To explore the outcome of computer navigation on screw length and number during baseplate placement, Hones et al. evaluated their effect with rTSA placed in vivo [30]. They reported notably fewer screws per case (three screws vs. four screws on average, p < 0.001) and greater average screw length (35.0 mm in the navigation group vs. 32.6 mm in the conventional group, p < 0.001).

Sprowls et al. evaluated the impact of preoperative templating and intraoperative navigation on baseplate component specifications, including screw measurement length, screw number, and amount of augmented baseplate use [31]. Intraoperative computer navigation allowed for longer individual screw lengths (mean 36.7 mm vs. 30 mm), increased composite screw length, and fewer total screws used (frequency of using two screws total 68.6% vs 50.8% in non-navigated). They used Exactech for all cases.

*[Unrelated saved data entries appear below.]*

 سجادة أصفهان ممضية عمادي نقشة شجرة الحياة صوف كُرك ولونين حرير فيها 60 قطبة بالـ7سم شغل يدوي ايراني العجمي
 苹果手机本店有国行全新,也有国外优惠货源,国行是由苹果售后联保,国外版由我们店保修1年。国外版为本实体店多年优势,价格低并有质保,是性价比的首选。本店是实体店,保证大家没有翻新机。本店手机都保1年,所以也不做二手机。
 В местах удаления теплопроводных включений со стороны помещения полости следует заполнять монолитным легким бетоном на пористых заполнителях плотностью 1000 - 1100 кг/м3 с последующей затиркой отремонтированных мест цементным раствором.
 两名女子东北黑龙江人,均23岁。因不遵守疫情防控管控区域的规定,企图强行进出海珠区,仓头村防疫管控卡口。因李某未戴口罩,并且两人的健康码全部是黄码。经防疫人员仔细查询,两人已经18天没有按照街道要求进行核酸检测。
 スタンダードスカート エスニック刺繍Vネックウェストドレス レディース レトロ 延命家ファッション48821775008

In a case report of a rheumatoid patient with rotator cuff arthropathy, the use of a CT-guided rTSA was evaluated by Gavaskar et al. [32]. They found that CT navigation can help in improving screw length and purchase which may add to long-term stability. Real-time 3D feedback on the quality of glenoid bone provided optimal initial fixation of the glenoid component.

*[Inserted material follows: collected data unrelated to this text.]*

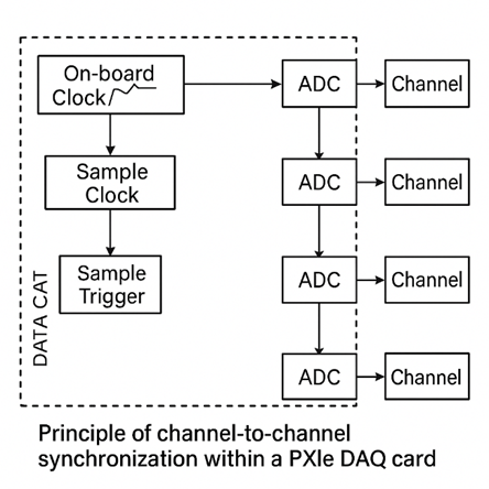 在PXIe體系中,一塊多通道數(shù)據(jù)采集卡通常已經(jīng)針對(duì)“單板多通道同步”進(jìn)行了硬件和驅(qū)動(dòng)層面的設(shè)計(jì)。其基本思想可以概括為:在同一塊采集卡上,為所有通道提供統(tǒng)一的時(shí)間基準(zhǔn)、統(tǒng)一的采樣時(shí)鐘和統(tǒng)一的啟動(dòng)觸發(fā),從而保證采樣時(shí)刻完全一致。下面從幾個(gè)關(guān)鍵方面進(jìn)行解析: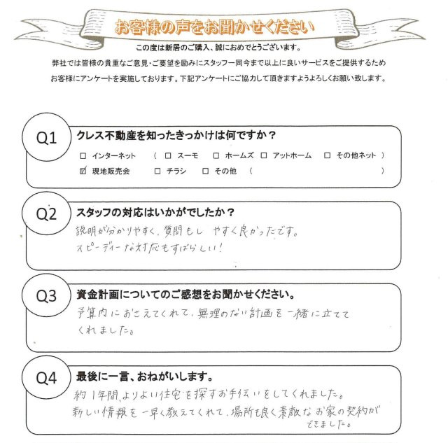 新しい情報を一早く教えてくれて、場所も良く素敵なお家の契約ができました。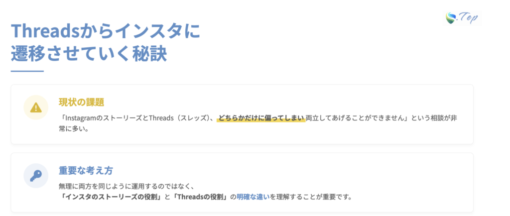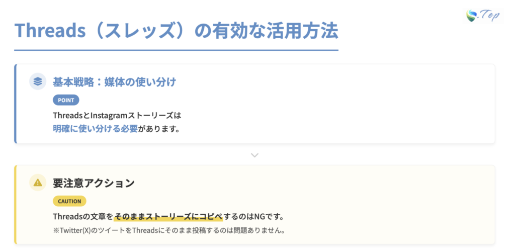 これはどういうことかというと、Threads(スレッズ)の文章とインスタのストーリーズに載せる文章これをコピペでやっている人は要注意です。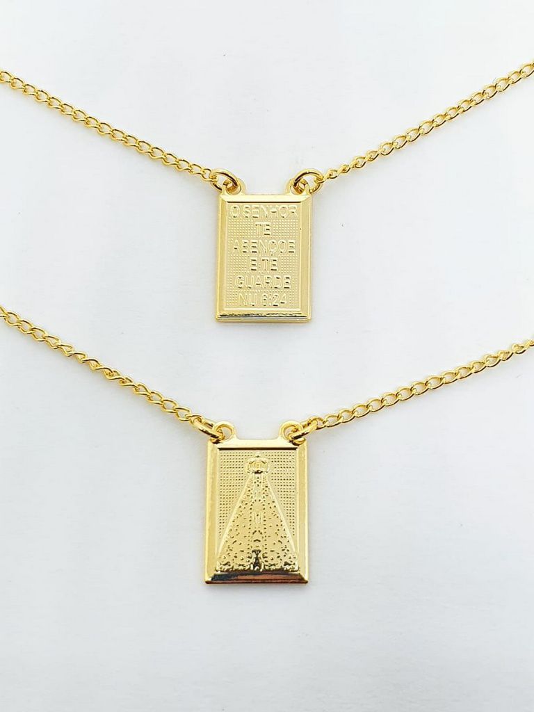 Escapulário Corrente Grumet Jesus/Nossa Senhora 70cm 10mmX14MM Banhado A Ouro 18k ESC007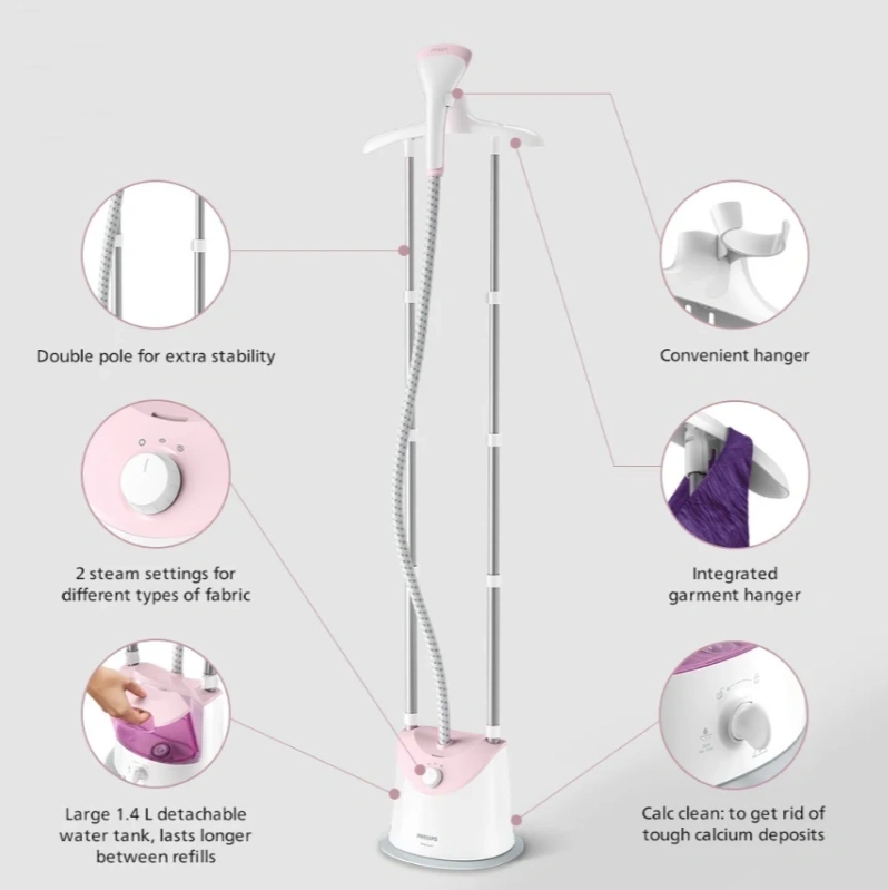 यो Philips Garment Steamer GC485 housewives र busy users का लागि ideal छ। Fast steam output ले कपडाका wrinkles तुरुन्त हटाउँछ। Adjustable steam settings ले cotton, silk, synthetic सबै fabrics को लागि suitable छ। Compact design ले storage र handling सजिलो बनाउँछ।

Venne et al. described a system for performing computer-assisted rTSA, including preoperative planning, intraoperative navigation, and postoperative evaluation, and then compared this with a conventional approach [33]. In their work, both accuracy and precision for screw angulation, the endpoint of screw placement (navigated 3.7± 2.4 mm vs. 9.7 ± 6.9 mm), and the endpoint of the baseplate central peg was improved in the navigated group compared to the conventional group which facilitated an improved bone purchase and a more secure glenoid implant fixation. They defined accuracy as how close the desired endpoint length was able to be replicated, and, therefore, the precision of repeated measurements under the same conditions.

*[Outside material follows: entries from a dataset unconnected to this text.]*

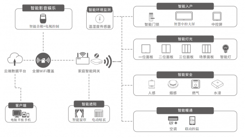 1. 全屋智能家居场景。基础配置涵盖智能锁、烟感探测器、燃气泄漏报警器、人体存在传感器、智能窗帘、音响、开关及照明设备,同时提供推窗器等可选配置。这一系统充分体现“以人民为中心”的发展思想,既落实“居住品质提升”“适老化改造”等民生政策,又通过科技手段精准匹配业主多样化居住需求,打造安全舒适的智慧家居环境。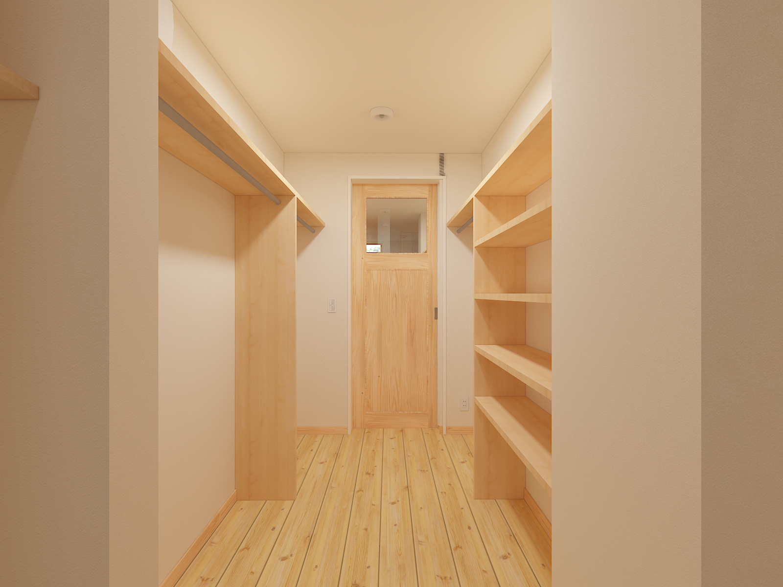通り抜けできるファミリークローゼットを設けています。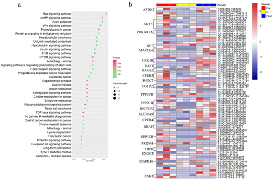The Key signaling pathway of CirRNAs in pubertal transition. (a) KEGG analysis of all identified circRNAs (p < 0.05). (b) Expression level of circRNAs involved in pubertal key pathways in pre-, in- and post-puberty.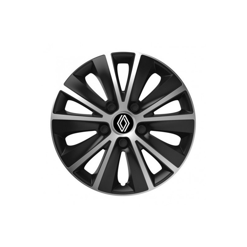 Puklice 14 RAPIDE silver and black pre Renault (nové logo) na ocelové disky. Pre kolesá o veľkosti R14 so živicovými samolepkami Renault (nové logo).Príjemca :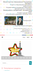 | AI-анализ | --- This online resource belongs to the Kindergarten No. 4 in the city of Krichev, under the Ministry of Education of the Republic of Belarus, Krichev District Executive Committee, and is a State Educational Institution. The kindergarten operates from Monday to Friday, from 07.30 to 18.00. Its telephone hotline is available daily from 08.00 to 13.00. The head is Natalya Petrovna Bogacheva. The kindergarten is located at Karl Marx Street, No. 19a, in Krichev. The website contains information about the kindergarten's structure, conditions for admission, the pedagogical team, and its history and traditions. It also provides information about various educational services, the quality assessment of those services, and methods for contacting the kindergarten. |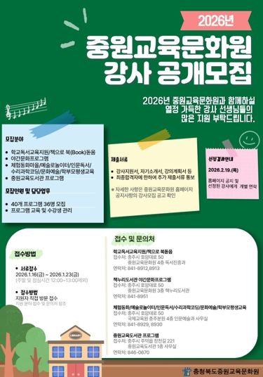 한방통신사 권영분기자 기자 | 충청북도교육청 직속기관 중원교육문화원은 23일까지 학생과 학부모, 지역주민을 대상으로 운영하는 2026년도 인문독서 및 문화예술 프로그램 강사를 공개 모집한다고 밝혔다.

When exploring screw numbers in a retrospective cohort, Moreschini et al. found statistically significant fewer amount of cases requiring greater than two screws to obtain a stable fixation in the navigation group compared to the conventional group (17 cases vs. nine cases, p = 0.019) [34]. The navigation group had, on average, a longer length of screw compared to the conventional group (35.5 ± 4.4 mm vs. 29.9 ± 3.6 mm; p < 0.001). They also found a large difference in augmentation utilisation between navigation versus conventional groups (13 vs. four cases, p < 0.009). Their study demonstrated the potential benefits of combining intraoperative navigation with CT pre-planning by allowing a fewer number of screws used to achieve primary stability. The factors such as screw number and overall alignment were found to be less significant in obtaining universal stability.

Dekker and Tambe conducted a retrospective case series study reviewing the utility of computer-based navigation on the accuracy of glenoid placement in rTSA [35]. They found that employing this form of intraoperative navigation allowed preferable baseplate implantation and screw hold, with successful postoperative function for the patient.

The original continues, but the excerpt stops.